[dom4j-dev] Re: [dom4j-user] Accessing Child/Parent Nodes?

James Strachan Wed, 23 May 2001 04:58:29 -0700
Hi Ken

From: "Ken Sheppardson" <[EMAIL PROTECTED]>
> Hi folks,
>
> I've just started looking at dom4j and have a couple questions I
> hope someone can help me with...
>
> I'm trying to use the package to manipulate HTML/XHTML-Transitional
> documents that have mixed data elements, e.g.
>
>    <body> Before <div>Inside</div> After</body>
>
> I'd like able to swap out "Before" for some new text or element,
> swap "Before" and "After", and otherwise make a general mess of
> the document programatically.
>
> Now when I parse this document in dom4j I end up with an Element
> (body) whose text is "Before After" and another element (div)
> whose text is "Inside".
>
> In fact, the "body" Element seems to have three child nodes:
>
>    Text    (NodeType 3)   : "Before"
>    Element (NodeType 1)   : "Inside"
>    Text    (NodeType 3)   : "After"
>
>
> My questions:
>
> (1) What's the simplest way to grab a list of the children
>     of a given node? Build an XPath expression and use
>     selectNode? Cast it as a Branch and use node() and/or
>     nodeIterator()?

Firstly before I go into further detail, the Text interface has a
setText(String) method allowing you to change the text.  So to just change
text you could do

    Text before = (Text) element.node(0);
    Text after = (Text) element.node(2);
    before.setText( "foo" );
    after.setText( "bar" );

I've just checked in a patch (*) to fix the above code ;-)

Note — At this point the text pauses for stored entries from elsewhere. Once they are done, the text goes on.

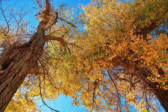 金秋十月,正是胡杨最美的季节。沙漠中的胡杨,据说活时千年不死,死后千年不倒,倒后千年不朽....就像是绝世英雄,默默在沙漠里扎根,默默在荒漠中坚守,年复一年,谱写出一世又一世的传奇。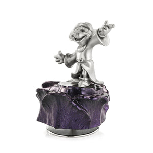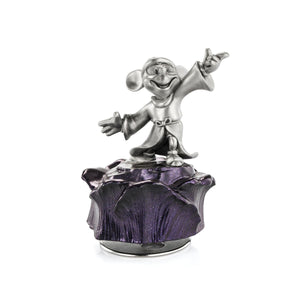 Having borrowed the great sorcerer’s hat without his knowledge, and conjured a spell to complete his laborious chores, apprentice Mickey dozes off, dreaming of himself directing stars, planets and oceans in a dance to the hypnotic notes of The Sorcerer’s Apprentice. Little does he realise what his spell has gotten up to. In pewter, on a plinth of composite resin.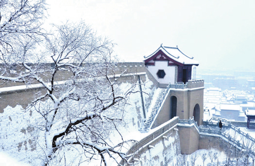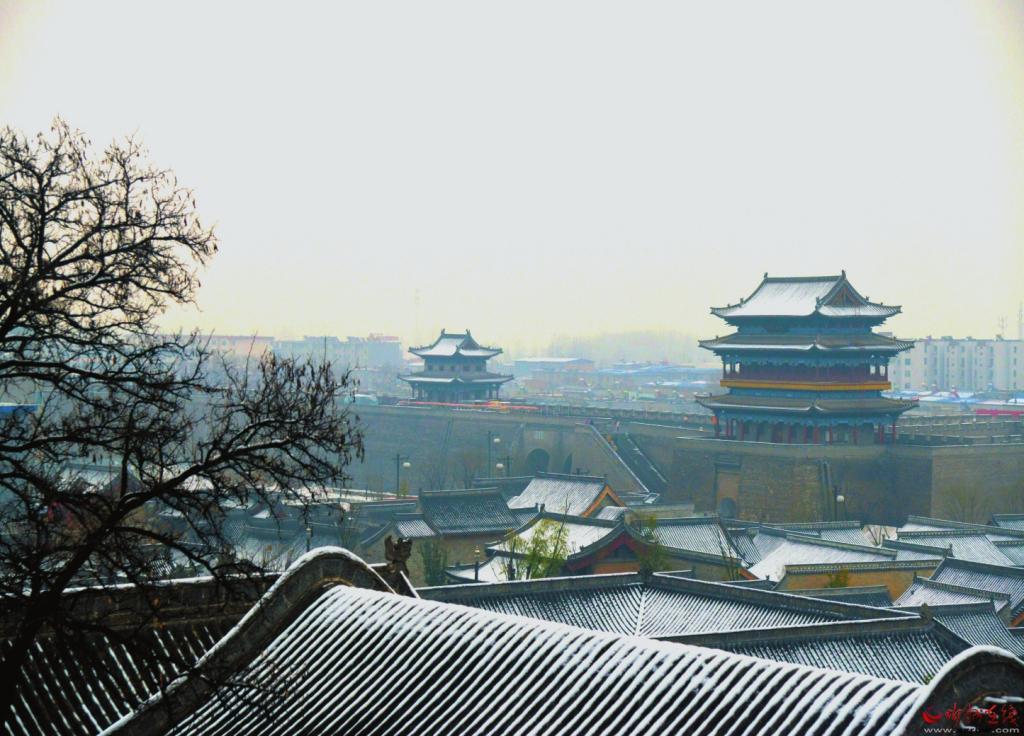 冬天一定要來忻州古城,因?yàn)檫@里的風(fēng)光大不一樣——它寒冷、莊嚴(yán),與遠(yuǎn)處的系舟山連成一片,煙波朦朧;它黯淡、粗獷,與整個(gè)北方的豪邁自成一體,氣勢磅礴。它就像這雪,能給人帶去希冀。雪安,忻州古城。
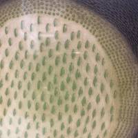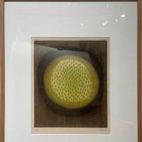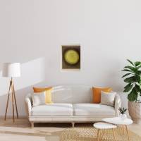 Dieser Druck von Piza zeigt eine Rundung, die an einen Edelstein erinnert: der zentrale grüne Kern symbolisiert das Herz des Berylls, während das schwarze und braune Band seine natürlichen Adern aufgreift. Die abgestuften Grüntöne rundherum und der strukturierte braune Hintergrund verleihen dem Werk eine subtile Ausstrahlung und verwandeln den Druck in ein grafisches Juwel.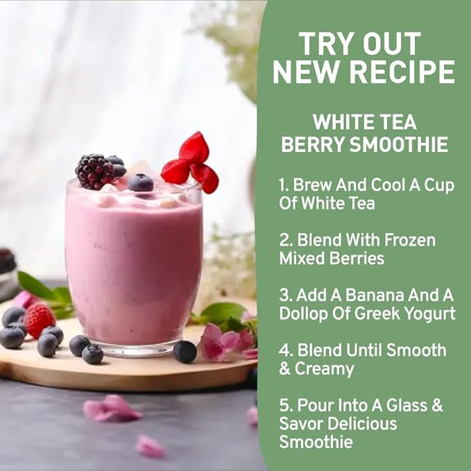 • FLORAL, LIGHT & SMOOTH WHITE TEA - Experience the floral and smooth flavors of White tea, hand-picked from high-elevated gardens in China, it offers a light and fresh taste with low caffeine content, thanks to its unopened buds and tender tips, every sip embodies the essence of purity and refinement, making it a sublime choice for those who appreciate the finer nuances of tea.

By default I'd set the default implementation of Text to be the shareable
but immutable, flyweight implementation of Text which I think was a mistake.
I've made the mutable non-flyweight Text implementation the default now so
the above code should work if you download a new daily snapshot or take the
latest CVS. (Plus a new release will happen before JavaOne).

Now a brief overview of mutating Element or Document content...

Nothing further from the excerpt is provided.